Each adapter imports only its own SDK, so importing the core (or one adapter) never pulls in the others.

Basic usage:

img, err := imgfeed.FromFile("photo.png",
	imgfeed.WithMaxDim(1024),
	imgfeed.WithDetail(imgfeed.High))
if err != nil {
	// handle error
}
url := img.DataURL()                 // ready for any image_url field
cost := img.EstimateTokens("gpt-4o") // approximate input tokens

Index

Examples

Constants

This section is empty.

Variables

View Source
var (
	// ErrEmpty is returned when the source contains no data.
	ErrEmpty = errors.New("imgfeed: empty image data")
	// ErrNotImage is returned when the data is not a recognized image type.
	ErrNotImage = errors.New("imgfeed: data is not a recognized image type")
)

Errors returned by the loaders.

Functions

This section is empty.

Types

type Detail

type Detail string

Detail mirrors the OpenAI image "detail" hint, which controls how much detail the model extracts from an image and therefore how many tokens it costs. It is carried on the resulting Image, applied by the SDK adapters that support it, and used by Image.EstimateTokens.

const (
	// Auto lets the provider decide the detail level. It is the default.
	Auto Detail = "auto"
	// Low requests a low-resolution, fixed-cost reading of the image.
	Low Detail = "low"
	// High requests a high-resolution, tile-based reading of the image.
	High Detail = "high"
)

type Format

type Format string

Format is an output image encoding used when an image must be re-encoded (because of resizing, a byte budget, or an explicit conversion) or when it is built from an image.Image. Only the lossless PNG and lossy JPEG encoders are supported.

const (
	// PNG selects lossless PNG encoding.
	PNG Format = "image/png"
	// JPEG selects lossy JPEG encoding (see [WithJPEGQuality]).
	JPEG Format = "image/jpeg"
)

type Image

type Image struct {
	// Data holds the encoded image bytes (possibly re-encoded by resizing).
	Data []byte
	// MIME is the image media type, e.g. "image/png".
	MIME string
	// Width and Height are the pixel dimensions, or 0 if they could not be
	// determined.
	Width, Height int
	// Detail is the resolved detail hint (see [WithDetail]).
	Detail Detail
}

Image is a normalized, ready-to-send image: the encoded bytes plus the detected MIME type, decoded dimensions (0 if unknown) and the chosen detail hint. Use Image.DataURL for a value to drop into any image_url field, or one of the adapter subpackages to build an SDK-specific content part.

func FromBytes

func FromBytes(b []byte, opts ...Option) (*Image, error)
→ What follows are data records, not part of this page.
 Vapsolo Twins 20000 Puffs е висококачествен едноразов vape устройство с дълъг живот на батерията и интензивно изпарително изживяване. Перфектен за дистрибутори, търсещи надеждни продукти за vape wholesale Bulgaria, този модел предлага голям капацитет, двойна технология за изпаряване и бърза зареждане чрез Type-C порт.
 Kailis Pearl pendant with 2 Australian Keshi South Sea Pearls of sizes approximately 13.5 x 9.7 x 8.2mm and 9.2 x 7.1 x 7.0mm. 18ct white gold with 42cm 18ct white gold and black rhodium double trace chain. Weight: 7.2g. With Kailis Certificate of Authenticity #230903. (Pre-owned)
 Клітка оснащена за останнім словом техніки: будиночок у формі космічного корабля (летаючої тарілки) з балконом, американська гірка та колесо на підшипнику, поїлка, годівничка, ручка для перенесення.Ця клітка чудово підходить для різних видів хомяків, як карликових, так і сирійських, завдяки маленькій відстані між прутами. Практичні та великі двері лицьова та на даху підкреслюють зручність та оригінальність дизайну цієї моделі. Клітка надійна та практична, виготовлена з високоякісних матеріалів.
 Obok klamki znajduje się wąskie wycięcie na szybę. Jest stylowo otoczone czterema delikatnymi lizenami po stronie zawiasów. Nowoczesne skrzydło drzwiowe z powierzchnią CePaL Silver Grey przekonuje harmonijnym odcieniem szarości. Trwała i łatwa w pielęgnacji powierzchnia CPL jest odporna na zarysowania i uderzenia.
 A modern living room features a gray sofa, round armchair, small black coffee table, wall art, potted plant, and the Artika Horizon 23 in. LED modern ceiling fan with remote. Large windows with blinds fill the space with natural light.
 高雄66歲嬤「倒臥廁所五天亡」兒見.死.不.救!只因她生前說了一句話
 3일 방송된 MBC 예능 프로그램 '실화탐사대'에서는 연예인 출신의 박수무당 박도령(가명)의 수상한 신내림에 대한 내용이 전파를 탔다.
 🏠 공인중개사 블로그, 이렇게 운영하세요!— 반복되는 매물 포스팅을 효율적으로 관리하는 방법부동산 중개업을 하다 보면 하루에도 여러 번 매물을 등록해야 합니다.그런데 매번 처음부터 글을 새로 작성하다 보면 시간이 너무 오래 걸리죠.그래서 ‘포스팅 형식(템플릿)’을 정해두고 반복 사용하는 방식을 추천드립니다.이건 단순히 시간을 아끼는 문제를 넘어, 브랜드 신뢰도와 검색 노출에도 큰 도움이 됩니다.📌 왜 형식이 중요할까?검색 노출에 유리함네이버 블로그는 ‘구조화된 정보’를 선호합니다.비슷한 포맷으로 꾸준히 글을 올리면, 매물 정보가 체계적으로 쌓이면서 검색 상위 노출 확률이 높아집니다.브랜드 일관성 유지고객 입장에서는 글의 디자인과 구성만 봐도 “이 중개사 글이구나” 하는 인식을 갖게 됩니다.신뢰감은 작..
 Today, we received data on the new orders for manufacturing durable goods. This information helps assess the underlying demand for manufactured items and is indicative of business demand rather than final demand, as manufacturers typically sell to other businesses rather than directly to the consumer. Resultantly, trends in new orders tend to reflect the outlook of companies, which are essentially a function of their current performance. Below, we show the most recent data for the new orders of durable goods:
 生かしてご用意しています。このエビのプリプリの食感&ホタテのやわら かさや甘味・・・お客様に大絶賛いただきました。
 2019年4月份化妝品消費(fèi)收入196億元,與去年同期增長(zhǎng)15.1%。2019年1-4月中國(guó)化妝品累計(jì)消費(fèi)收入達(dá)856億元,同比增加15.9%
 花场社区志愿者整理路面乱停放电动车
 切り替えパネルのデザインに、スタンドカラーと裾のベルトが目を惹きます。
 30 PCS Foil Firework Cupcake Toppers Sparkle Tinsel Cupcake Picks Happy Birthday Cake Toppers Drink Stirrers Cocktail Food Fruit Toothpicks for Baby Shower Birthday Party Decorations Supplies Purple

FromBytes loads an image from raw bytes.

func FromFile

func FromFile(path string, opts ...Option) (*Image, error)

FromFile loads an image from a file on disk. The file name is used as a fallback for MIME detection when the bytes themselves are ambiguous.

Example

Load an image from disk, downscale it to fit a token budget, and inspect the result. The DataURL is ready to drop into any provider's image_url field; the adapter subpackages turn the Image into an SDK content part.

img, err := imgfeed.FromFile("photo.png",
	imgfeed.WithMaxDim(1024),
	imgfeed.WithDetail(imgfeed.High))
if err != nil {
	// handle error
	return
}

_ = img.DataURL() // "data:image/png;base64,..." for any image_url field
fmt.Println(img.MIME, img.EstimateTokens("gpt-4o"))

func FromImage

func FromImage(img image.Image, opts ...Option) (*Image, error)

FromImage encodes an in-memory image.Image. The output format defaults to PNG and can be set with WithFormat. Resizing and byte-budget options apply as usual.

func FromReader

func FromReader(r io.Reader, opts ...Option) (*Image, error)

FromReader loads an image by reading r to completion.

func FromURL

func FromURL(ctx context.Context, rawURL string, opts ...Option) (*Image, error)

FromURL fetches an image over HTTP(S) and loads it. The request honors ctx and the client set by WithHTTPClient (default http.DefaultClient).

Example

Fetch a remote image and estimate what it will cost as input.

img, err := imgfeed.FromURL(context.Background(),
	"https://example.com/cat.jpg",
	imgfeed.WithMaxDim(768))
if err != nil {
	return
}
fmt.Printf("%dx%d ~%d tokens\n", img.Width, img.Height, img.EstimateTokens("gpt-4o"))

func (*Image) Base64

func (im *Image) Base64() string

Base64 returns the standard base64 encoding of the image bytes.

func (*Image) DataURL

func (im *Image) DataURL() string

DataURL returns the image as an RFC 2397 data URL, "data:<mime>;base64,<...>", suitable for any image_url field.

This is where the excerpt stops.